I breathed in that air, and it was cool. Moisture from the dew on the grass soaked through my shoes, and made my feet wet. But it didn’t bother me because I was fascinated with the wildly dressed people dancing and laughing all around us.
“Are there any rides?” I asked my mom.
“No April,” she said in a dismissive voice. “We’re here,” she said with relief.
The drape of the tent door flipped open and inside was a small, round table covered with a burgundy colored cloth. Colorful tapestries covered the walls, and shiny beads looped all around the room. The beads glistened in the light, and I found my little self was mesmerized by them.

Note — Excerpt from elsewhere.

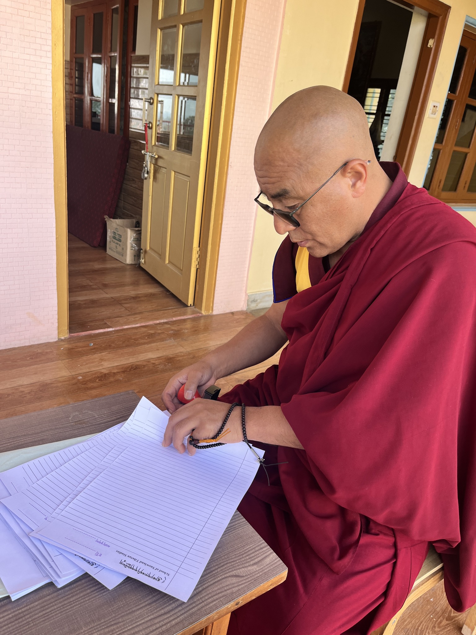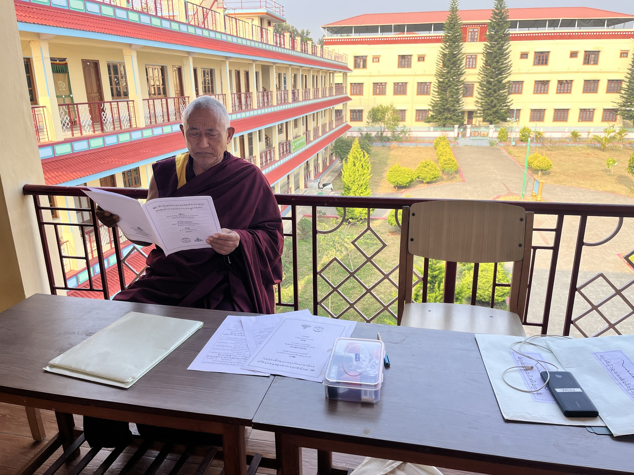 ༄༅། །གསང་ཆེན་དཔལ་ལྡན་སྨད་རྒྱུད་གྲྭ་ཚང་གསང་སྔགས་བསྟན་པའི་བཤད་སྒྲུབ་ཀྱི་བསྟི་གནས་འཛིན་པ་མཚན་གྱི་སྙན་པ་ཡོངས་སུ་གྲགས་པ་འདི་ཡི་དགེ་འདུན་གྱི་འཚོ་བའི་མཐུན་འགྱུར་དེ་ཡང་སྔར་བས་ལེགས་ཕྱོགས་ནས་ལེགས་སུ་འགྲོ་མུས་ལྟར། སྐབས་འདིའི་སྤྱི་འགན་འདུས་སྤྱི་ལྷན་ཁང་ནས་འདུས་མང་གི་འཕྲལ་ཕུག་མངོན་འཕྲད་ཀྱི་དཀའ་ངལ་སེལ་ཕྱིར་དགེ་འདུན་པའི་བཞུགས་ཤག་ཐོག་བརྩེགས་གསུམ་ཅན་ཞིག་

What else was in the room?!
“Who is with you, April?” It was Seth’s voice asking.
“My mom and…a woman…large woman with a dark veil…I’m scared…don’t want to get close to her!” I felt comforting arms wrap around me.
The past and the present were colliding. I wanted to see where I was, ask questions, but the memory I was so vividly witnessing was just that—a memory.
“What is the woman’s name? What is she saying to you?” Malachi’s voice broke through my vision.
“My mom is paying her…I have to hold out my arm…and…NO!!!” I cried at the top of my lungs as my arm felt it was on fire.